*** Record set

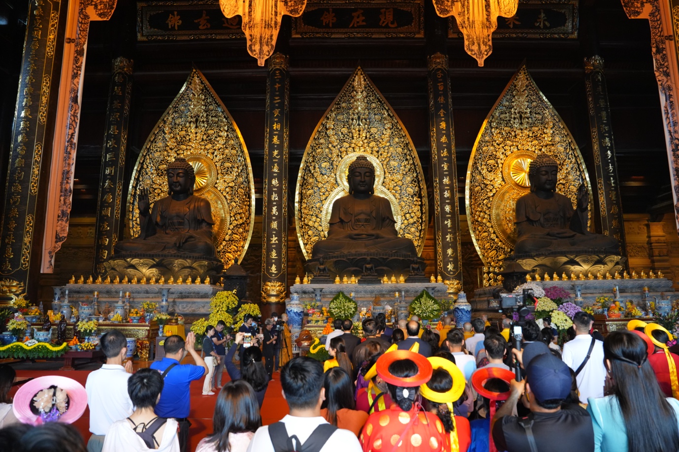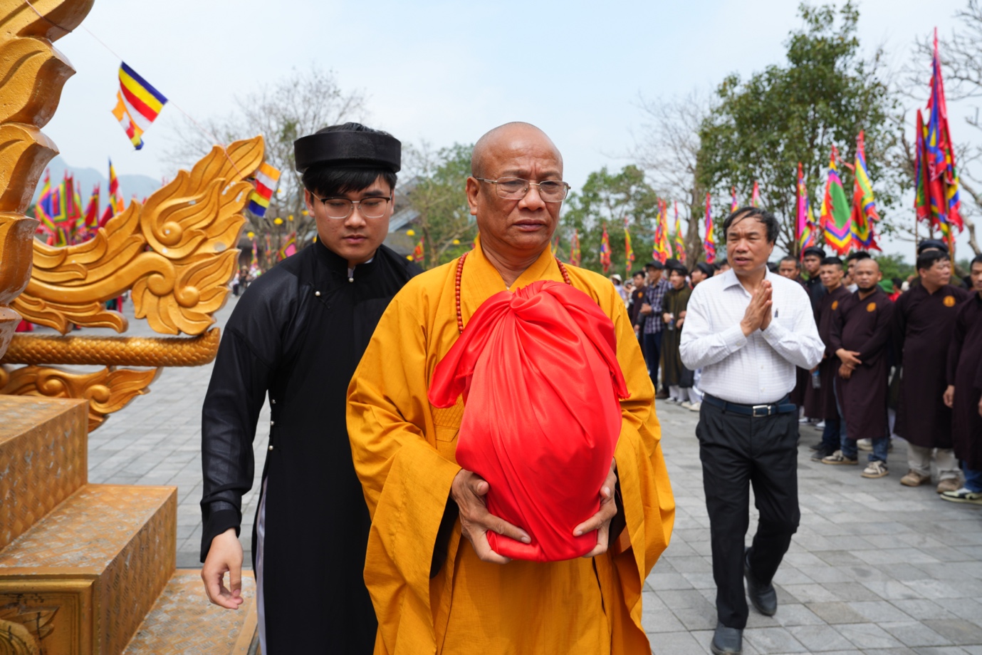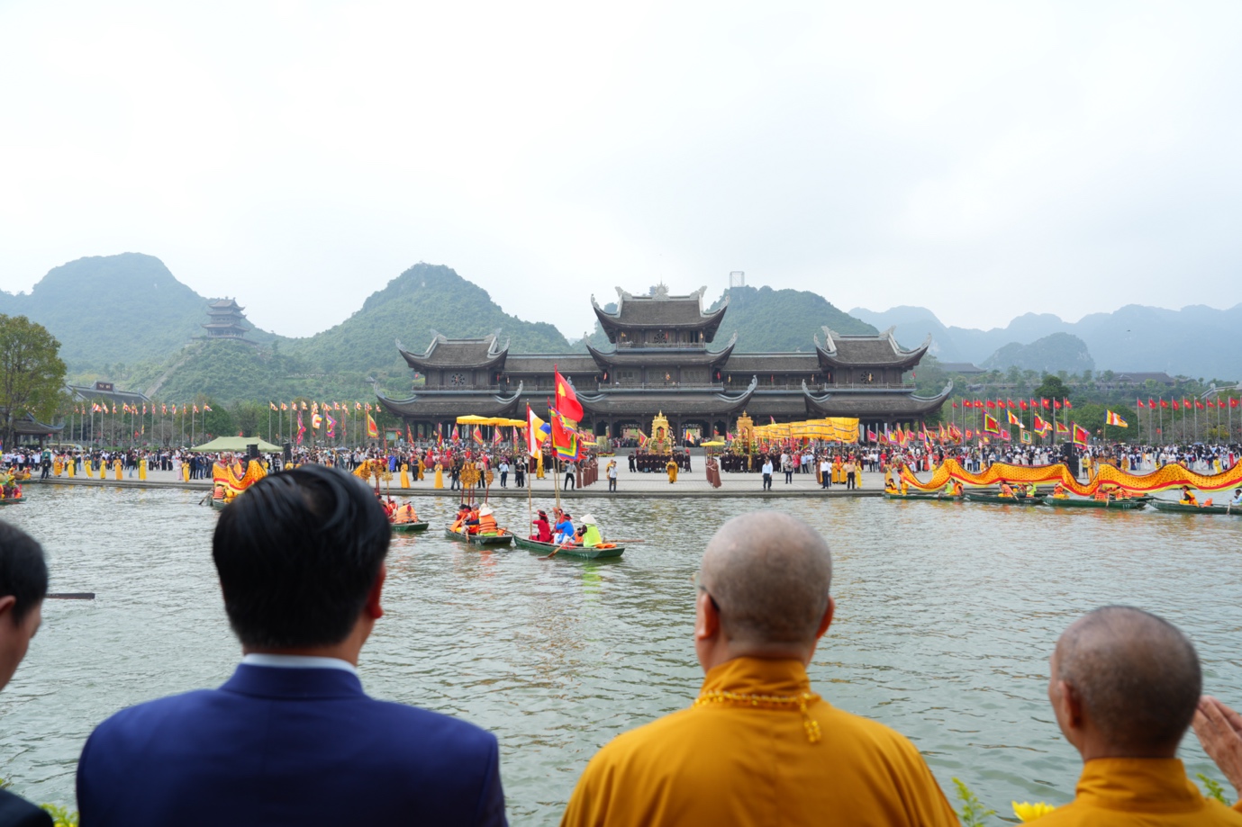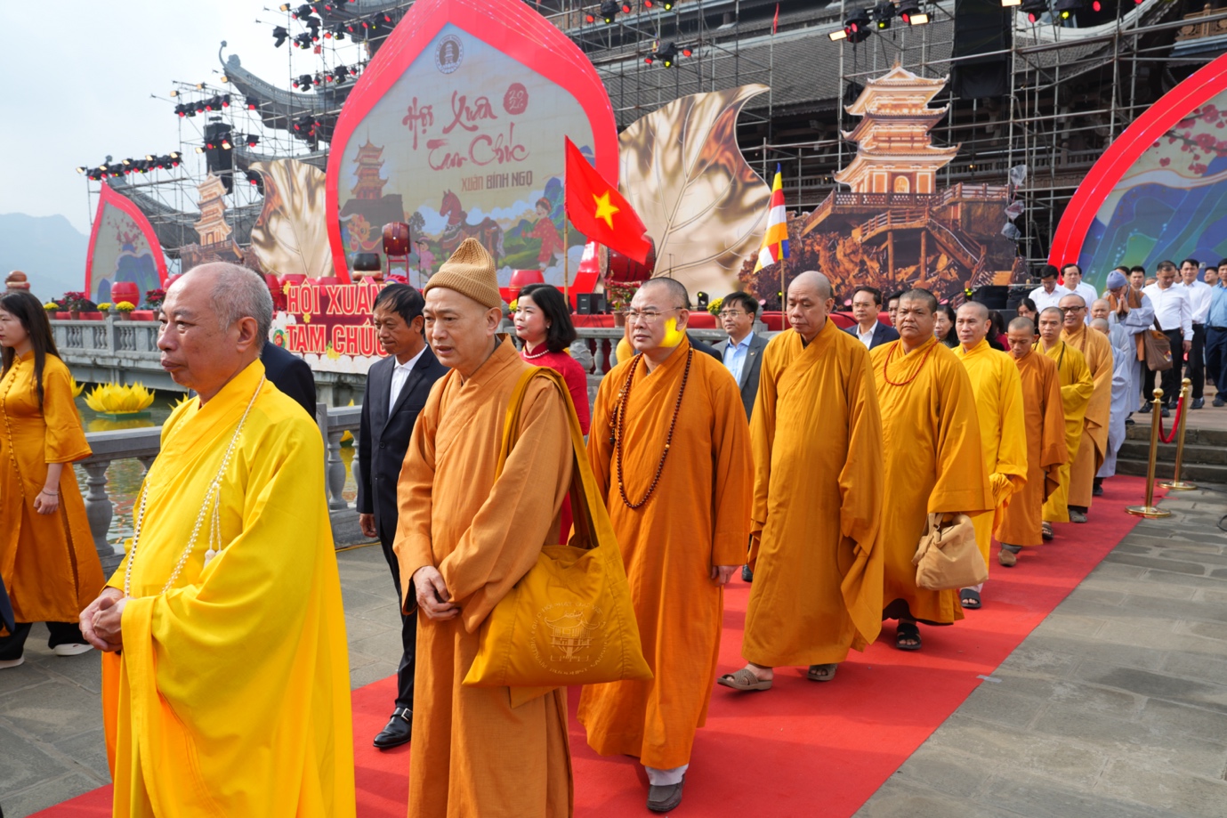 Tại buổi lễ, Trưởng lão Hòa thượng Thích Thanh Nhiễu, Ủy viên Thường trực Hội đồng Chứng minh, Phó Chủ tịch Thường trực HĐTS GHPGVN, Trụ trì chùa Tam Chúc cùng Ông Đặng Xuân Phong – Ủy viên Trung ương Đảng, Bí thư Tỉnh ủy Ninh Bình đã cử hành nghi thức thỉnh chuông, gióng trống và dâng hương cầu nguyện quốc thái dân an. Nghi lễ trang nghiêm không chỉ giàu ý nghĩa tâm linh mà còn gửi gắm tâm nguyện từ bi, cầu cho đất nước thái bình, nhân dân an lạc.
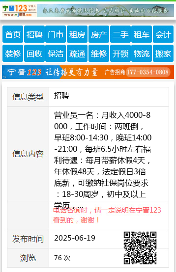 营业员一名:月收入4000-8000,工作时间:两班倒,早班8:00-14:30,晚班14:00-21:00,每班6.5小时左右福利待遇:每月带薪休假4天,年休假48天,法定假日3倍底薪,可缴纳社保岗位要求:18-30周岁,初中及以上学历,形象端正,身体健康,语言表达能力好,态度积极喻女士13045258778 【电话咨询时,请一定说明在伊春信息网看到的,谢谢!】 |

******
*** Record set

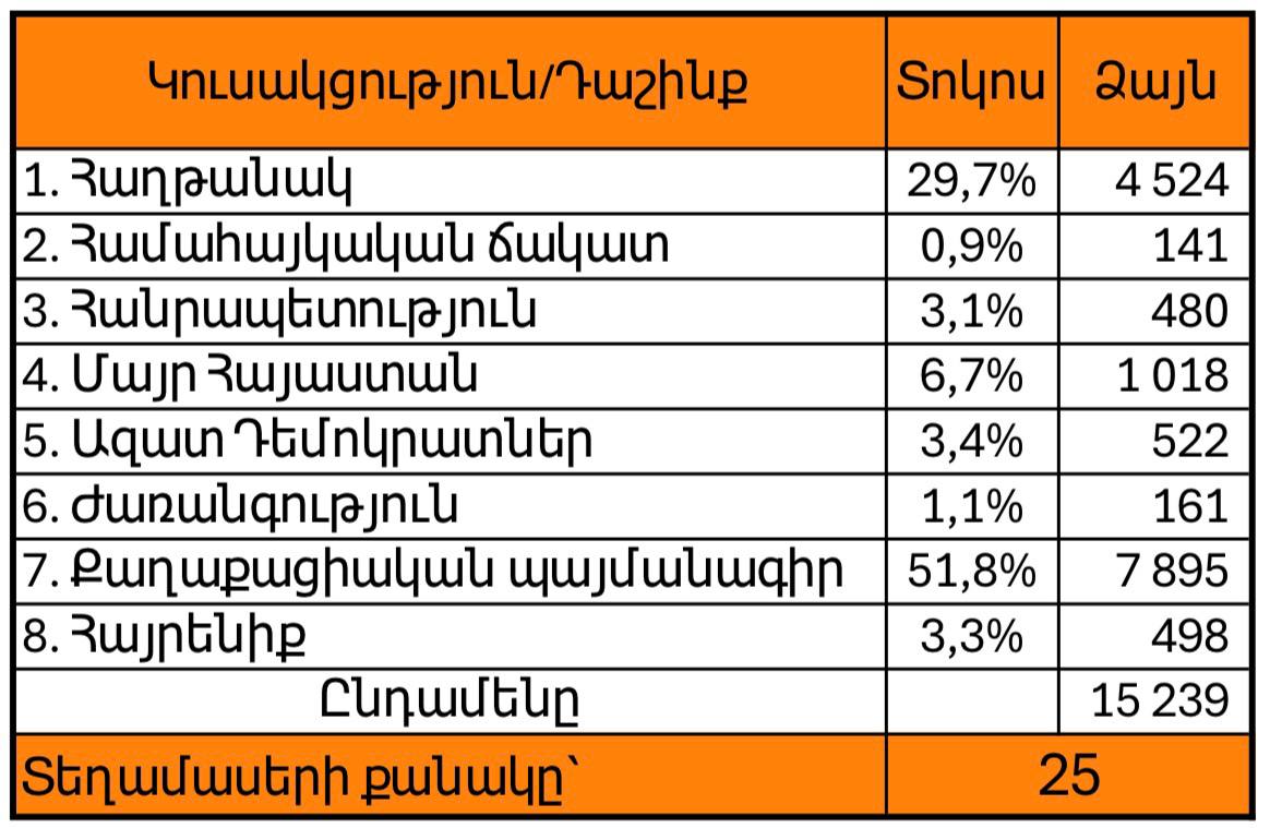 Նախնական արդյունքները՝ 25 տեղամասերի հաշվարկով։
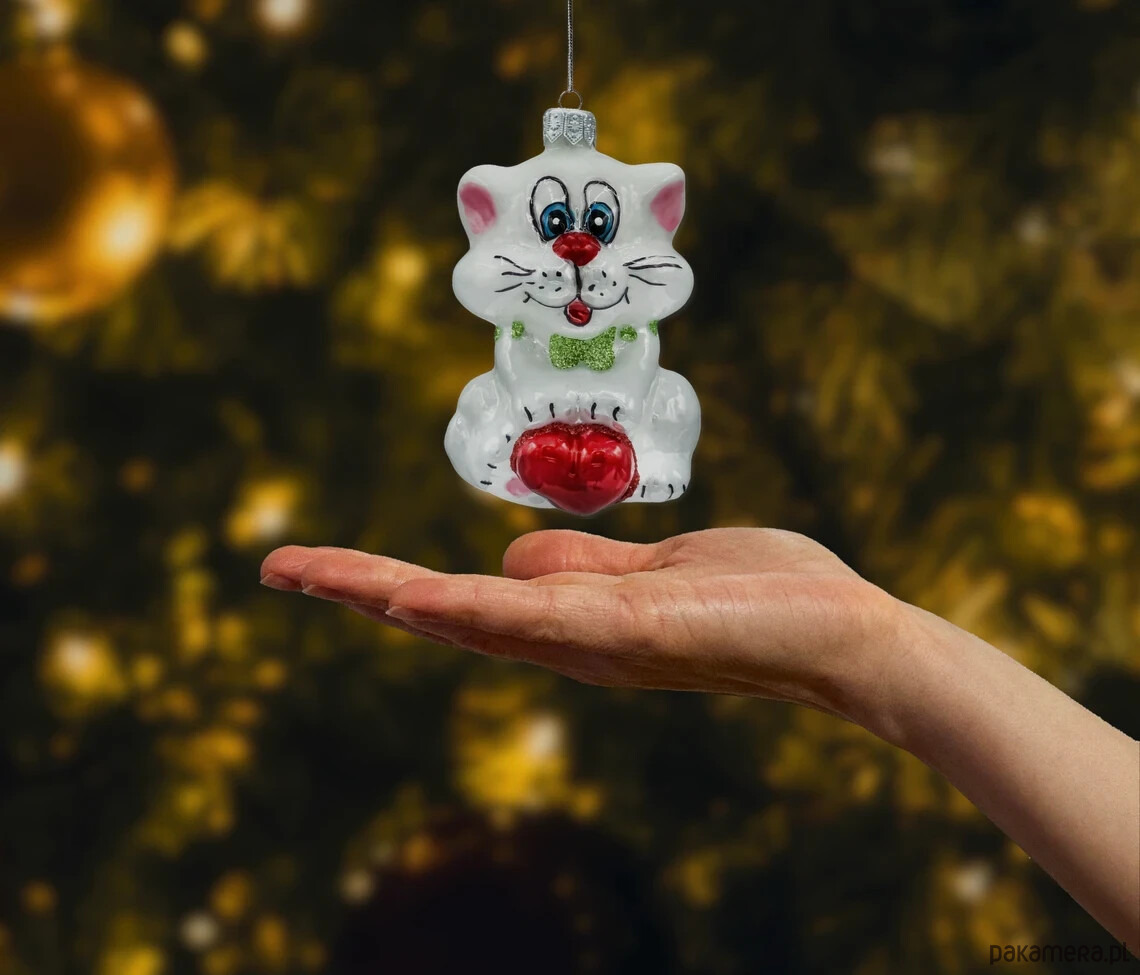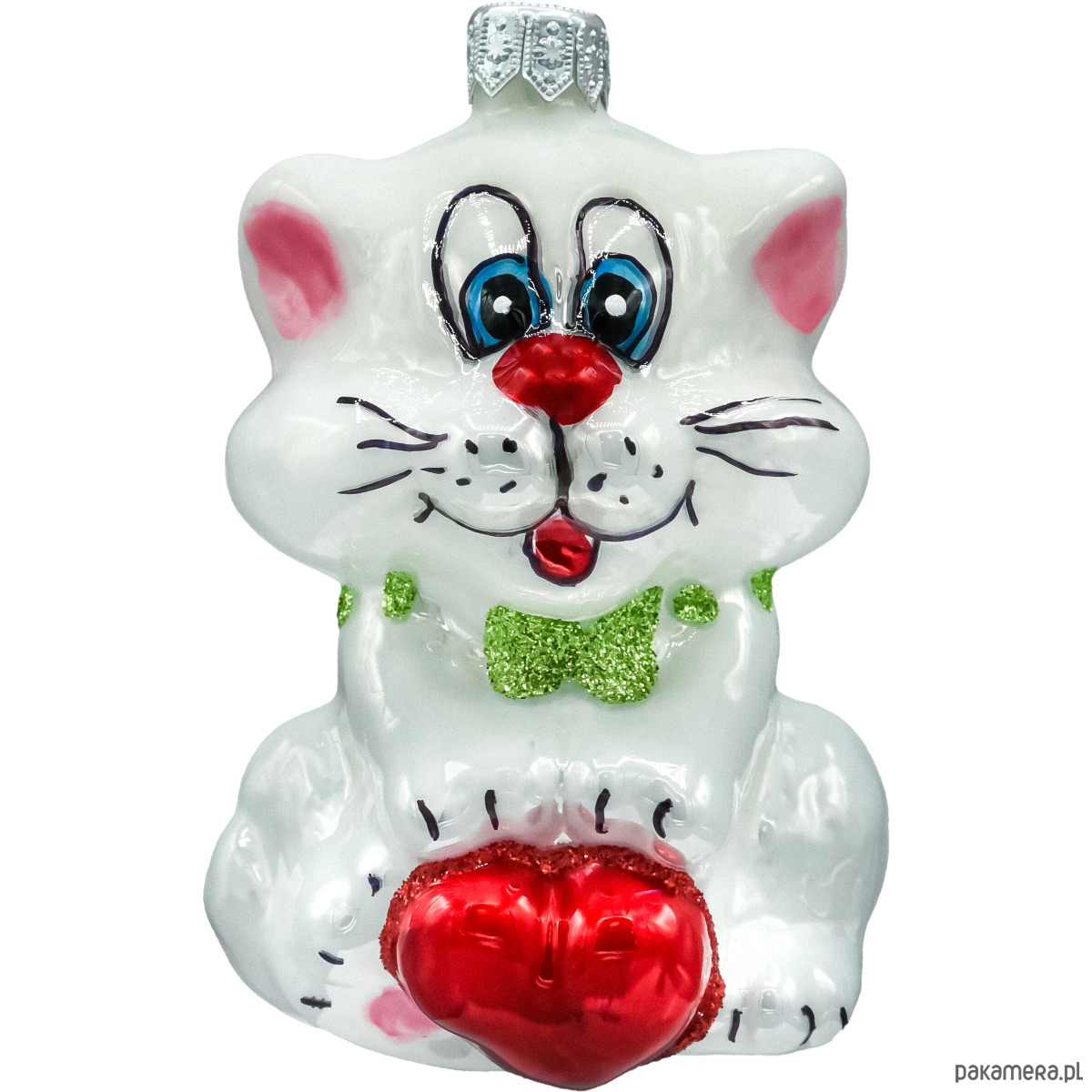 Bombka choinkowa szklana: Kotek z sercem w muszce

******

▸ **Your instructions**
Reproduce exactly, with no pictures, the lines above from the one holding "Նախնական արդյունքները՝ 25" to the one holding "Bombka choinkowa szklana: Kotek", inclusive.

▸ **Written response**
 Նախնական արդյունքները՝ 25 տեղամասերի հաշվարկով։
 Bombka choinkowa szklana: Kotek z sercem w muszce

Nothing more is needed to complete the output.